Impact of ectomycorrhizal fungal diversity on aspen gene regulation
-Keaton Tremble, Bryn Dentinger
Hi there! I came out to Utah 5 years ago after finishing my undergrad at Carleton College in Minnesota to be a ski and climb bum for a year before grad school. As most people do, I ended up falling in love with Utah and once I got in touch with the Dentinger Lab I knew this was a dream place to get my PhD. When I’m not skiing/picking up a new outdoor hobby every season, I focus my research on the interaction of ecology and evolution in fungal ectomycorrhizal (ECM) communities. In short, I study the process of speciation and diversification in ECM fungi in order to get a better grasp on ECM ecology and behavior. Without understanding the individual behavior of any one ECM species it is impossible to understand this relationship between ECM and trees.
The mutualism between temperate trees and ectomycorrhizal fungi (ECM) dominates much of the northern hemisphere. This association provides numerous benefits for the tree host such as nitrogen acquisition, drought tolerance, and defense. ECM soil communities are highly diverse, and hundreds of species may colonize a single host. However, it is unknown how individuals in these complex communities interact, and how interactions my impact the host. We are conducting a novel metatranscriptomic assay that will identify the role of belowground competition in gene expression of ECM fungi. We hypothesize that competition will have an additive effect on gene expression, where distantly related ECM further up-regulate genes associated with nutrient acquisition and transport to become better mutualists, while closely related ECM shift expression patters to avoid niche competition. This study may lead to insights on the role ECM community composition on host behavior, which may help combat detrimental effects of climate change.

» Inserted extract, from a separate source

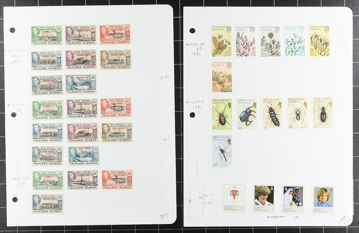 Mostly British Atlantic material, with a touch of Africa. A series of bid board lots, dealer offerings, album fragments etc. Mint, used, classic-era to the 1980’s, with a touch of duplication. We saw lots of Falkland Islands (with some "Dependencies"), St. Helena, British Guiana, Guyana and three pages with South Africa, Rhodesia, Zanzibar. A surprising amount of this was catalogued at one time, which will add up to several hundred dollars by Scott. Estimate =

Over 60% of all tree stems on earth have a mutualistic relationship with fungi in the soil that provide most of the nutrients a tree needs to live. This is a obligate relationship, which means the tree cannot survive without the fungi and the fungi cannot survive without the tree. However, this can be a very complex relationship because dozens to hundreds of fungi can associate with a single tree. In the face of climate change it is important to look below the soil to understand how impacts to belowground communities impact the host above.
This study is trying to understand how different species of mutualistic fungi interact with each other and compete, and how these interactions will impact the tree above. To do this we are growing Aspen seedlings and inoculating them with 1-4 species of fungi. After growing, we are then extracting RNA from the soil to see which genes are used by the fungi when they are alone and which genes are used when they are competing with another fungus. This will allow us to identify changes in behavior brought about by the introduction of a competitor. We will then associate these changes with the production of defense compounds in the host’s leaves.
This study will allow us to identify how fungal community interactions will impact the host, giving us a greater ability to predict how changes to fungal community due to climate change will impact overall forest health.